The RAG (and smart) way:
- Index: You first use a cheaper AI model to "index" all your documents and store them in a special database (a vector database).
- Retrieve: When a user asks a question, like "What was our Q3 revenue?", you first do a quick, cheap search in your database to find the most relevant paragraphs from your documents.
- Augment & Generate: You then feed only those few relevant paragraphs to the expensive, powerful LLM along with the user's question. Your prompt looks like this:
"Using the following context, answer the user's question.
Context: [Paste the 2-3 relevant paragraphs about Q3 revenue here]
User Question: What was our Q3 revenue?"
You've just reduced a 500-page, multi-million token problem into a prompt that's maybe 500 tokens long. It's faster, thousands of times cheaper, and often gives more accurate answers.
RAG is a foundational concept for building serious AI tools. If you're interested in learning how to implement it, you should definitely read our deep-dive article on RAG here.
Will Tokens Always Be a Thing? Or is a "Token-Free" World Coming?
This is a fascinating question about the future of AI.
For the foreseeable future, yes, tokens (or a very similar concept) are here to stay. They are a fundamentally efficient way to bridge the gap between continuous human language and the discrete, mathematical world of a computer.
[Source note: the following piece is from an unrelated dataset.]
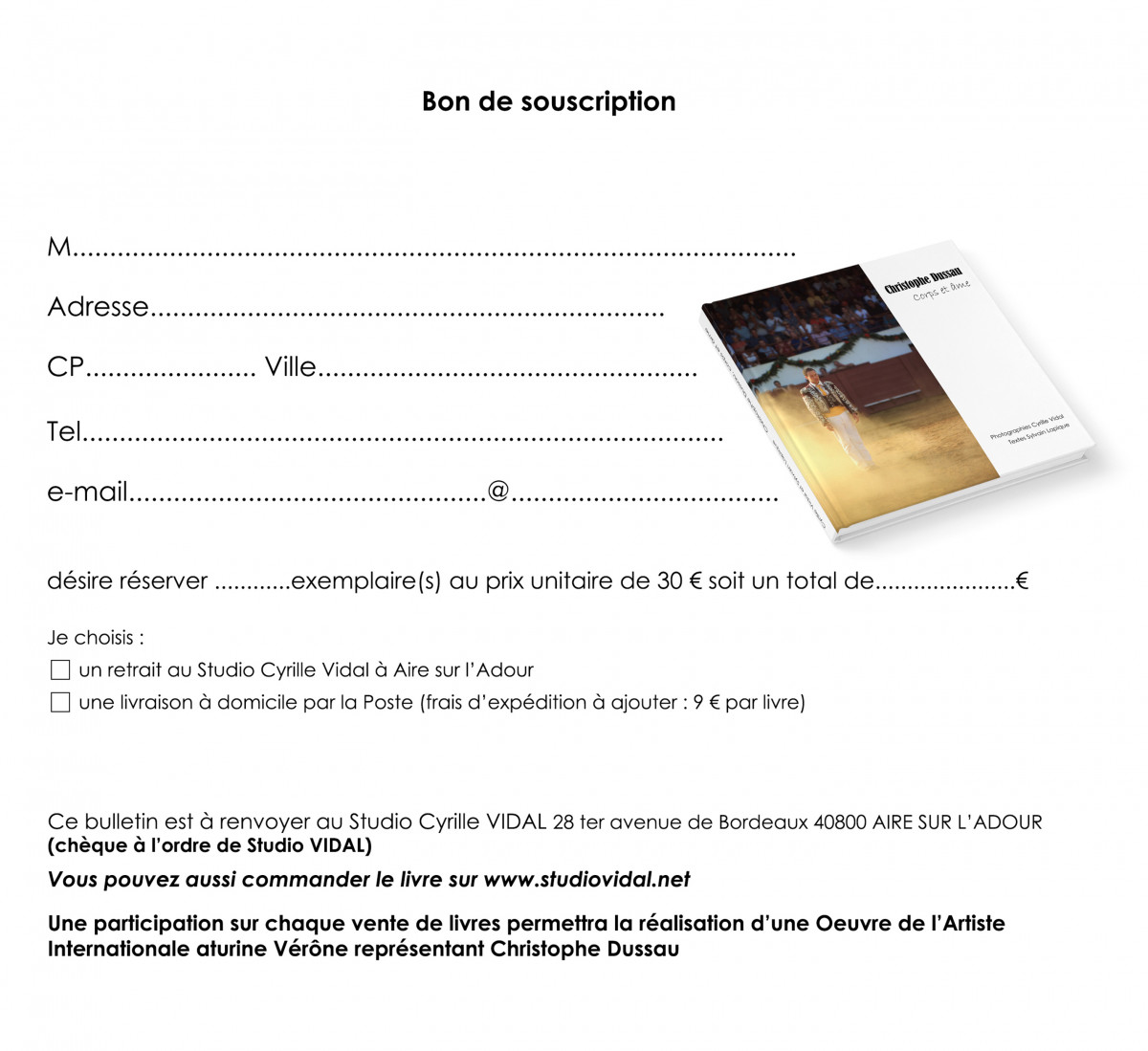 Vous pouvez soit passer au studio, soit nous renvoyer un bon de souscription, soit le commander ICI en ligne.

However, the research is always pushing forward. Some future architectures might operate on a more "continuous" understanding of data, potentially moving beyond discrete tokens. But for now, and for the next several years, understanding tokens is the key to mastering LLMs.
The models will get better, the tokenizers will get more efficient, and the context windows will get larger, but the core principle will remain. The person who understands how to "speak token" to an AI will always have an advantage.